- [PROVIDED DATA]
-- Opening Marker --
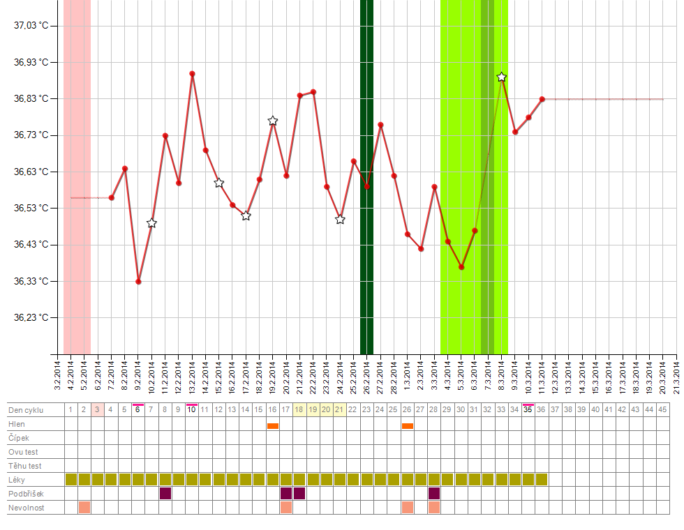 11.3.2014 16:52Ahoj, no, do toho 6.3. to vyzera fakt na anovulak.... nemohla ovu prebehnut toho 6.3. respektive niekde okolo tohto datumu ?, skoda ze si za tym nemerala, lebo neskor vidno, narast teploty, cize akoby ovu prebehla.... ale az toho 6.3. alebo neskor .... ja som BT merala niekolko cyklov, u mna BT pekne stupala po ovulacii, ono aj ked ti doktorka na ultrazvuku povedla, ze vidi moznost ovu, tak niekedy sa stane, ze folikul nakoniec nedorastie a nepraskne a vajicko sa teda neuvolni.... mozno za tym boli problemy mocovych ciest.... a je dost mozne, ze sa ovu aj posunula a ozaj bola az po tom 6.3. .... drzim prsty, ak nie v tomto cykle, tak nabuduce to vyjde
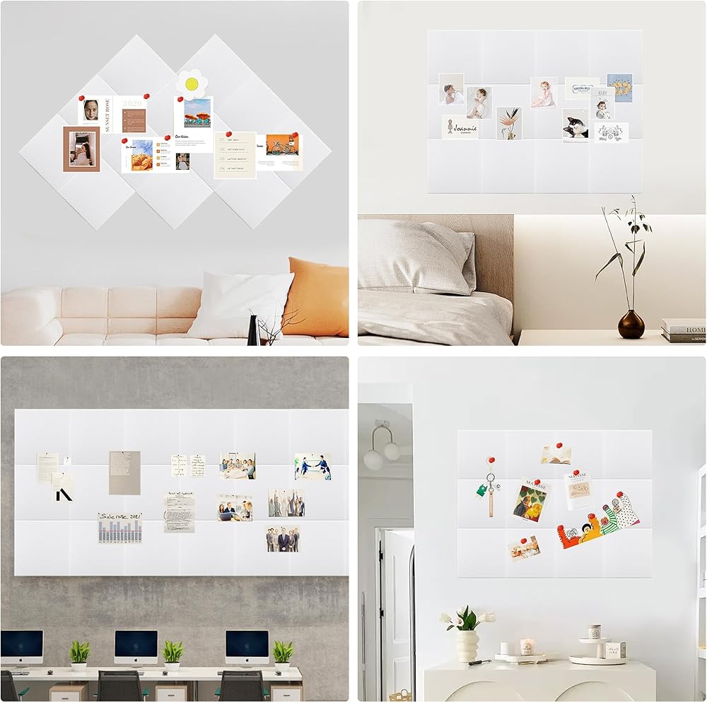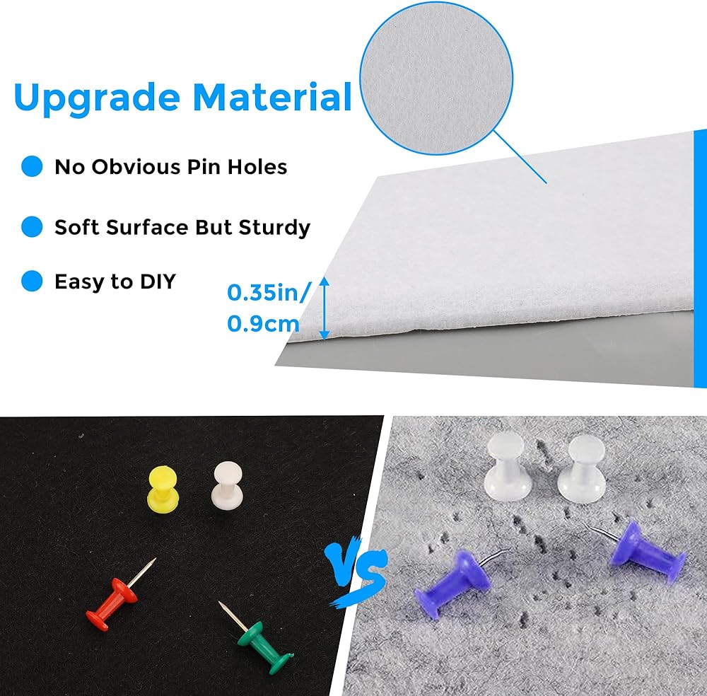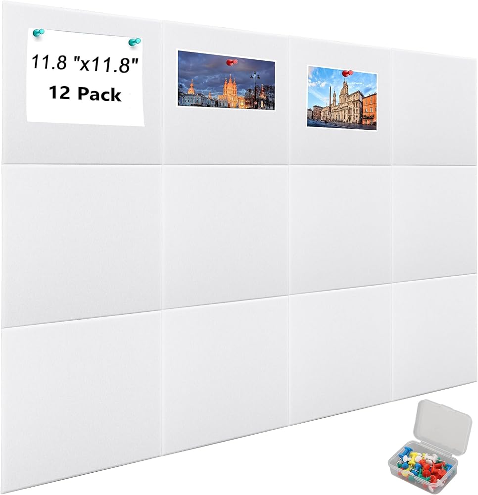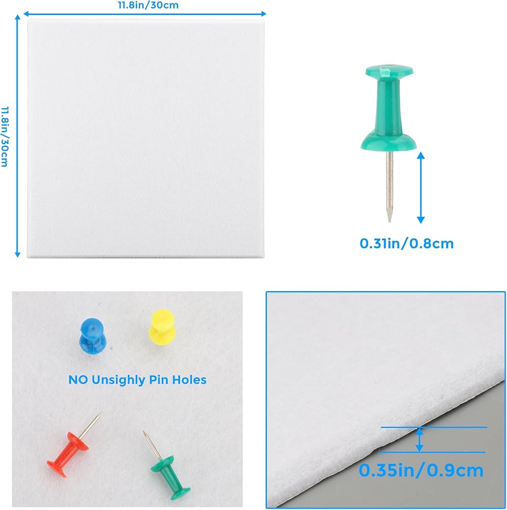 الحجم: تحتوي الحزمة على 12 قطعة من 11.81x11.81x0.35in لوحات شعر عالية الكثافة سميكة. الحل البسيط والمريح للوحة النشرة للمنزل والمكاتب والفصول الدراسية والأماكن التجارية.
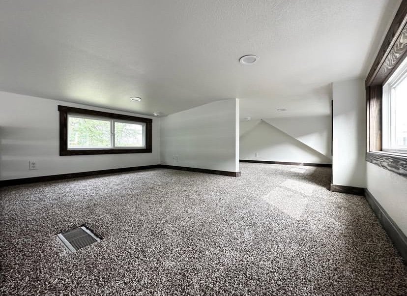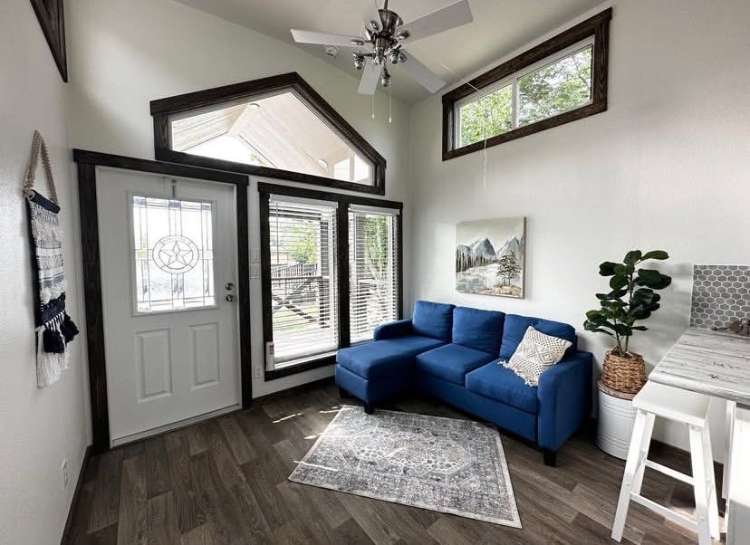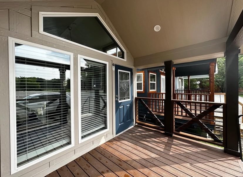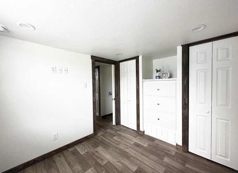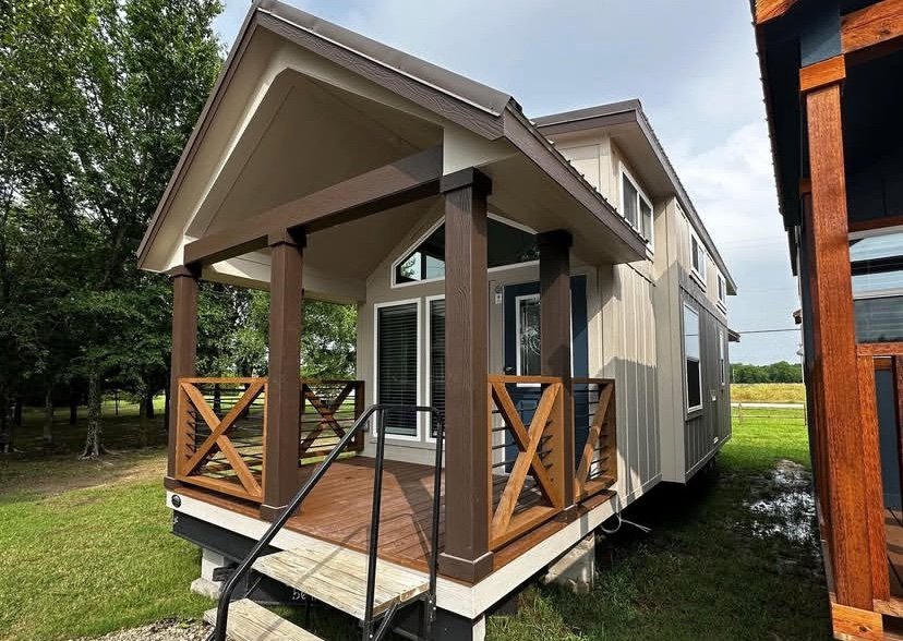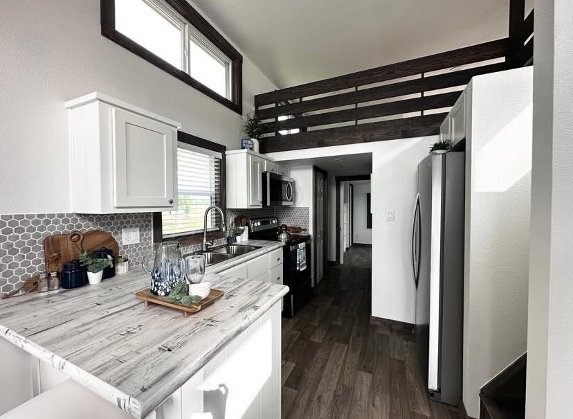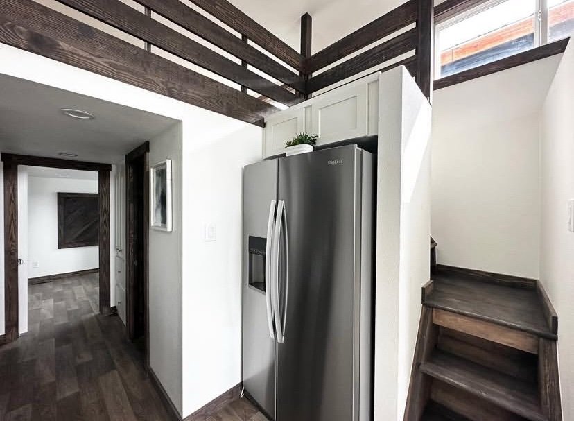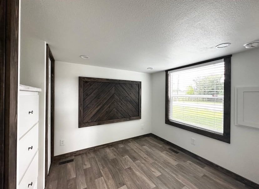 We put in some fun options as well such as the chevron wood queen sized headboard in the bedroom and the slatted loft rails.
-- Closing Marker --
- [WORK REQUEST]
Copy the data character for character, but drop all pictures from the copy.

- [ANSWER TO THIS TASK]
 11.3.2014 16:52Ahoj, no, do toho 6.3. to vyzera fakt na anovulak.... nemohla ovu prebehnut toho 6.3. respektive niekde okolo tohto datumu ?, skoda ze si za tym nemerala, lebo neskor vidno, narast teploty, cize akoby ovu prebehla.... ale az toho 6.3. alebo neskor .... ja som BT merala niekolko cyklov, u mna BT pekne stupala po ovulacii, ono aj ked ti doktorka na ultrazvuku povedla, ze vidi moznost ovu, tak niekedy sa stane, ze folikul nakoniec nedorastie a nepraskne a vajicko sa teda neuvolni.... mozno za tym boli problemy mocovych ciest.... a je dost mozne, ze sa ovu aj posunula a ozaj bola az po tom 6.3. .... drzim prsty, ak nie v tomto cykle, tak nabuduce to vyjde
 الحجم: تحتوي الحزمة على 12 قطعة من 11.81x11.81x0.35in لوحات شعر عالية الكثافة سميكة. الحل البسيط والمريح للوحة النشرة للمنزل والمكاتب والفصول الدراسية والأماكن التجارية.
 We put in some fun options as well such as the chevron wood queen sized headboard in the bedroom and the slatted loft rails.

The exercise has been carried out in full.